#### Problem
Of the material below, the lines to be retyped are those from the line containing "弧形折叠磁吸浴帘套装L形淋浴房卫生间隔断帘加厚防水浴室帘现货" through the line containing "I currently have", inclusive; reproduce them exactly.

#### Entries shown
* * *
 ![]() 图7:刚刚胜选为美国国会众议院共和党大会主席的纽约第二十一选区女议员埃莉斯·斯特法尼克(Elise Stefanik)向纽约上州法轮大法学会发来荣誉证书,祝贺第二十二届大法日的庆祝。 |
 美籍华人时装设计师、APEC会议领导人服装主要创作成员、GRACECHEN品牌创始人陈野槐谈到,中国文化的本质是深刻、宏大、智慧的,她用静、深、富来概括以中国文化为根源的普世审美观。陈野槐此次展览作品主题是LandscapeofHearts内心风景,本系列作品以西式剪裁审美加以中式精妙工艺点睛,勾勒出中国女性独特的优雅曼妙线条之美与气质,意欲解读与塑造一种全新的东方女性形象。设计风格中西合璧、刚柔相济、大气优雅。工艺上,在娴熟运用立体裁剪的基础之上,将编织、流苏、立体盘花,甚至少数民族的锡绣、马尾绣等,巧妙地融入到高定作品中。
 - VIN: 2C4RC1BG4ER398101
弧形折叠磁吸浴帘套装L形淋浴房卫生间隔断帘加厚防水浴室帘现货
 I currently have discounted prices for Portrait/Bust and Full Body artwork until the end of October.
* * *
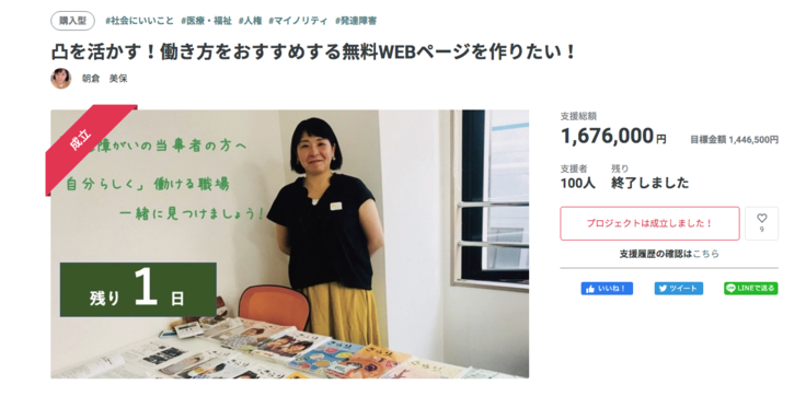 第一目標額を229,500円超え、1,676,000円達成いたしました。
* * *
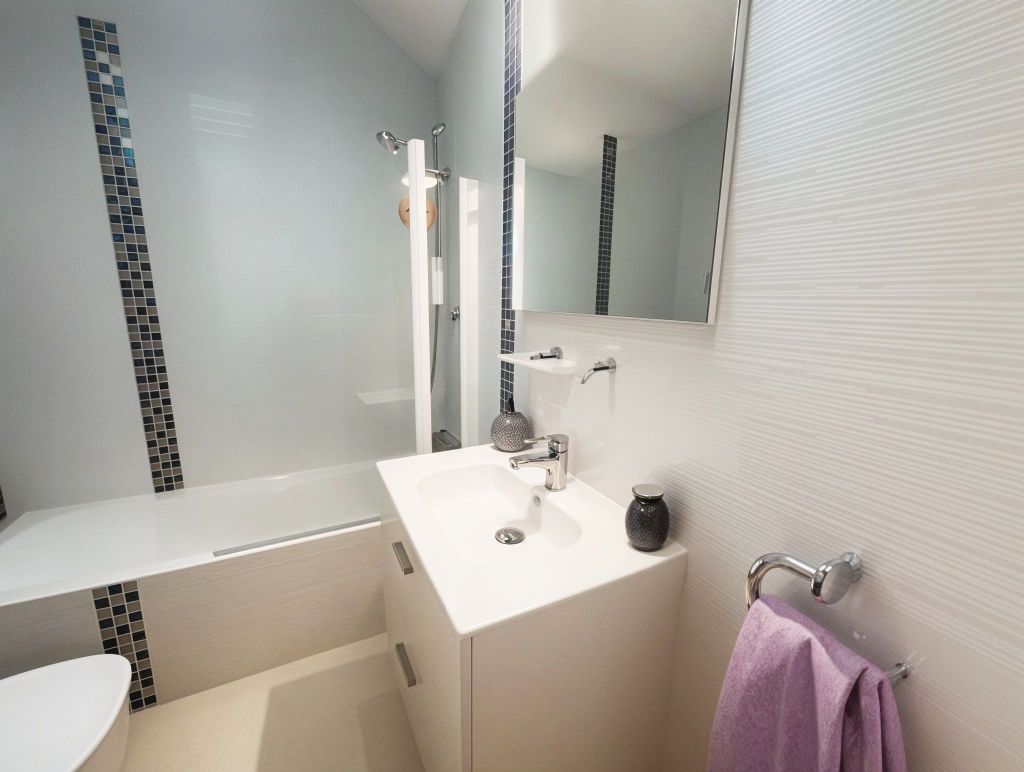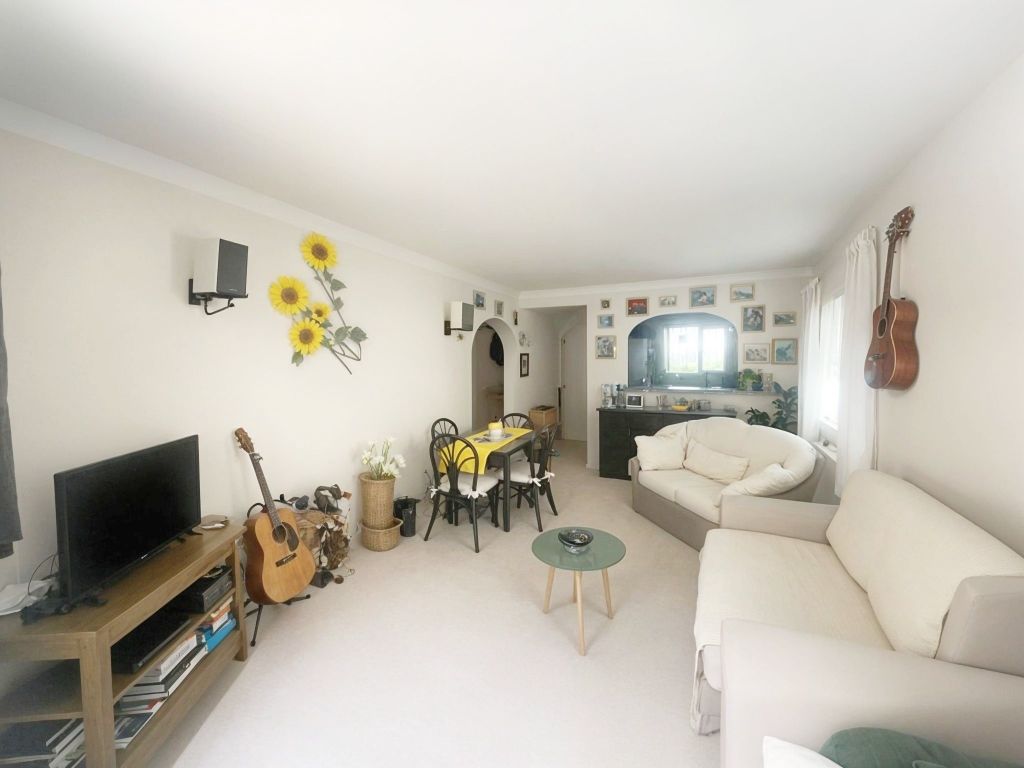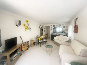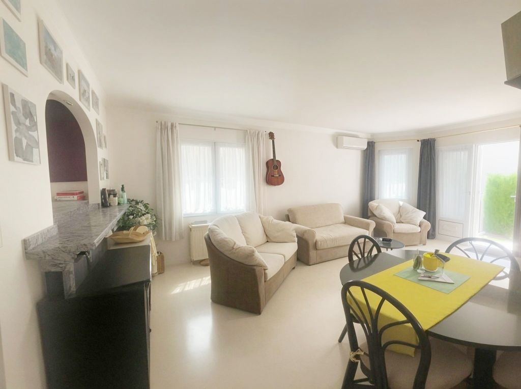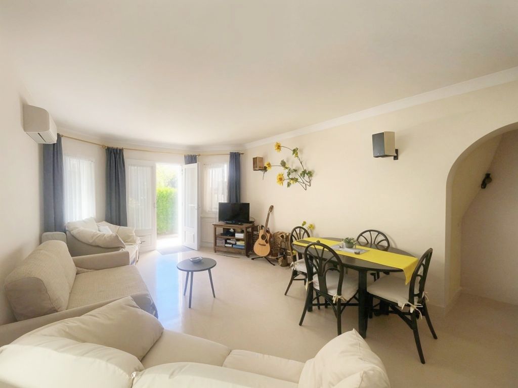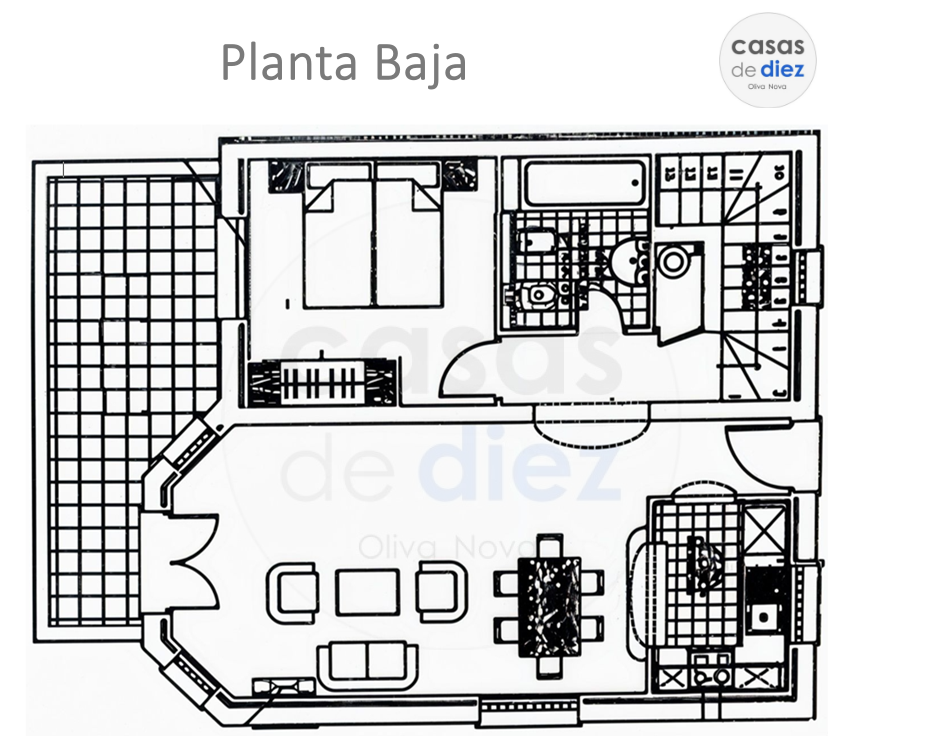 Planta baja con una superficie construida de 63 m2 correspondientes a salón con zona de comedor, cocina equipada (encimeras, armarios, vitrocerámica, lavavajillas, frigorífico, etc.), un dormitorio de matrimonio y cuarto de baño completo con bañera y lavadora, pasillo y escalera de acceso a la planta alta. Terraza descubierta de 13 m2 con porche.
* * *
#### Answer box
弧形折叠磁吸浴帘套装L形淋浴房卫生间隔断帘加厚防水浴室帘现货
 I currently have discounted prices for Portrait/Bust and Full Body artwork until the end of October.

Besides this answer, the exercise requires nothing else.